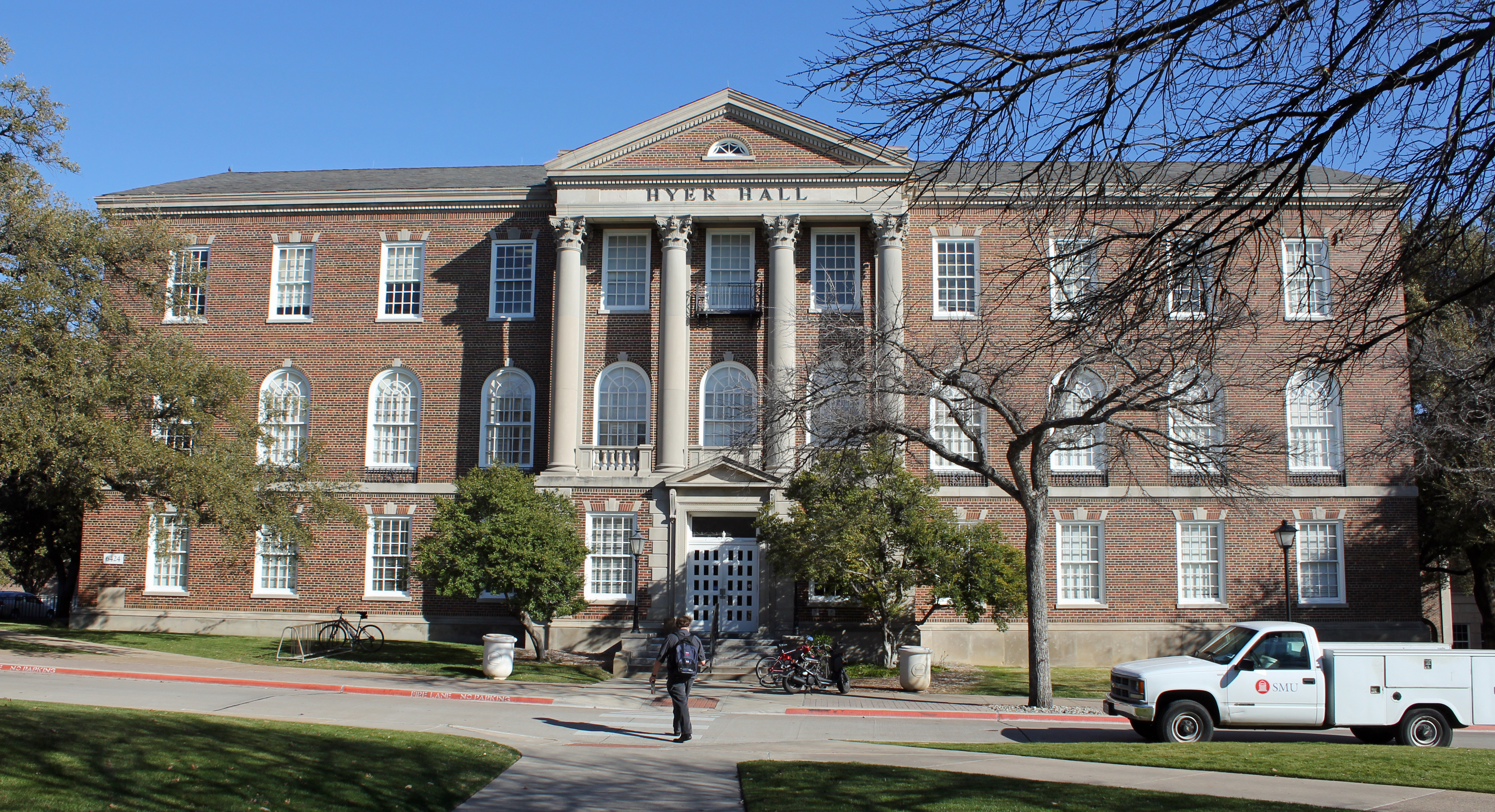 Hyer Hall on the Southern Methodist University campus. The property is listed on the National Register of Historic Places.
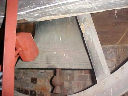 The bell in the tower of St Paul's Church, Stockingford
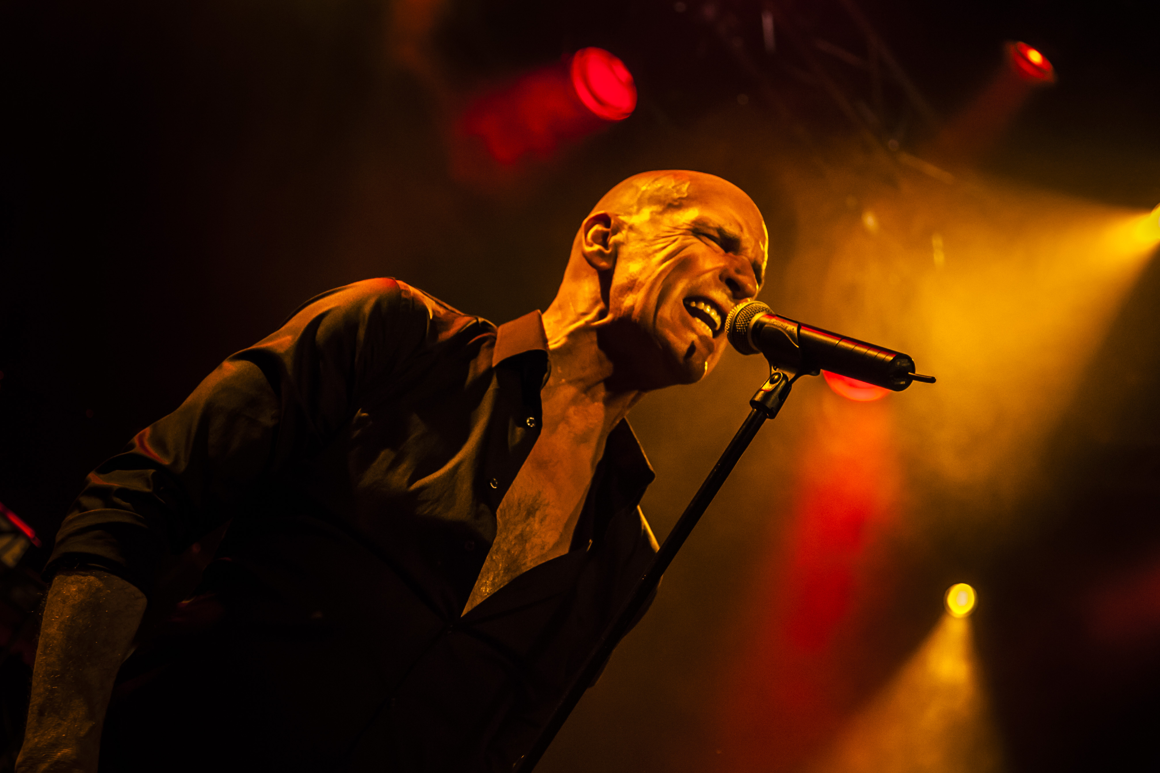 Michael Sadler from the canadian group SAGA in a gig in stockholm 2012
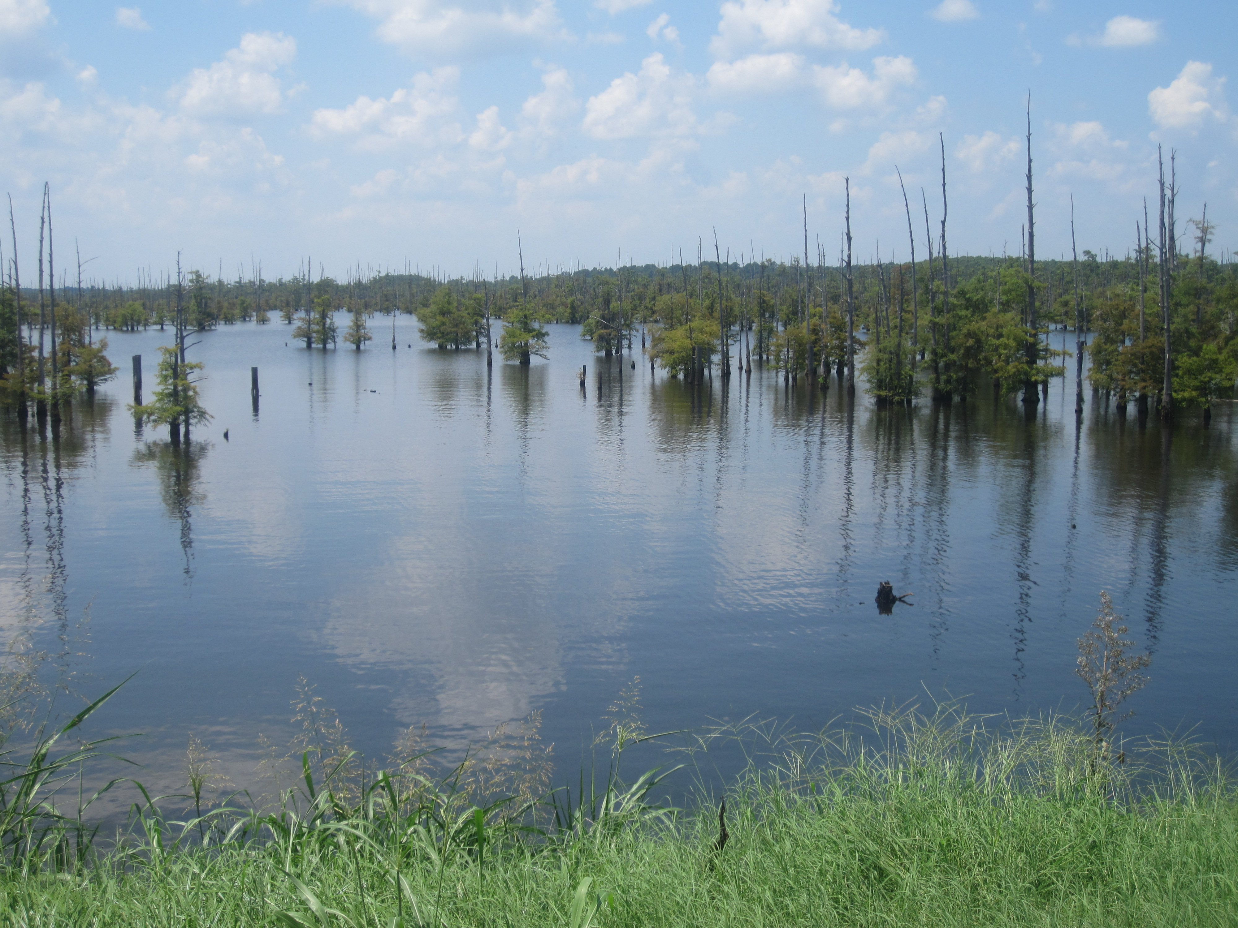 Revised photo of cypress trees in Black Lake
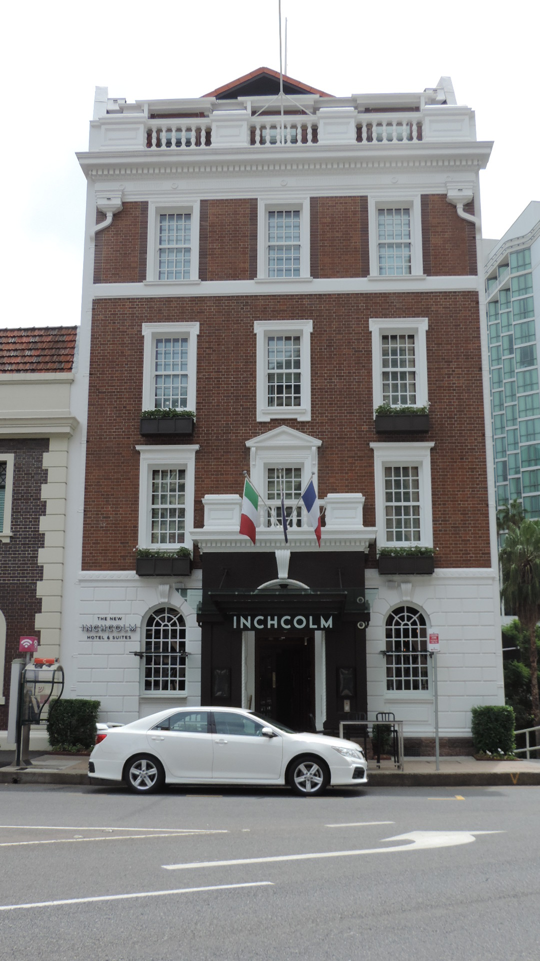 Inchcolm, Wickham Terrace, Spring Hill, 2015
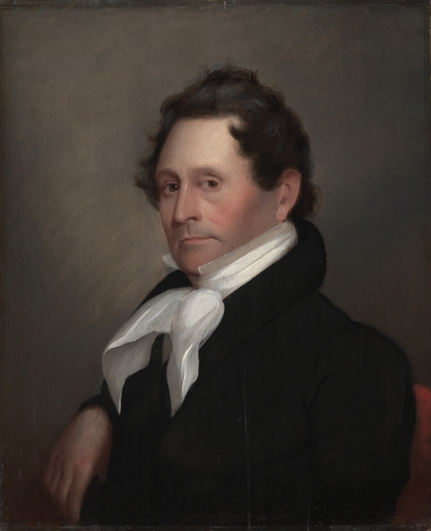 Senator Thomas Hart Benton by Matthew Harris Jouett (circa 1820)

= = = = = = =

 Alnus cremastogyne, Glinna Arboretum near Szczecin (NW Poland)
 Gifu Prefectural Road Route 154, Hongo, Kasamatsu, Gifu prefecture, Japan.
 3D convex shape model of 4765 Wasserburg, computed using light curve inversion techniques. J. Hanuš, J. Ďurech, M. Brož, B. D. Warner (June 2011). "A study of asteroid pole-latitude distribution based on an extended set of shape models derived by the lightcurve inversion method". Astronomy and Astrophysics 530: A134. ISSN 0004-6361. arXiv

= = = = = = =

◆ Goal of the exercise ◆
From the data above, output exactly the lines between the one containing "Alnus cremastogyne, Glinna" and the one containing "3D convex shape", counting both of them.

◆ Output below ◆
 Alnus cremastogyne, Glinna Arboretum near Szczecin (NW Poland)
 Gifu Prefectural Road Route 154, Hongo, Kasamatsu, Gifu prefecture, Japan.
 3D convex shape model of 4765 Wasserburg, computed using light curve inversion techniques. J. Hanuš, J. Ďurech, M. Brož, B. D. Warner (June 2011). "A study of asteroid pole-latitude distribution based on an extended set of shape models derived by the lightcurve inversion method". Astronomy and Astrophysics 530: A134. ISSN 0004-6361. arXiv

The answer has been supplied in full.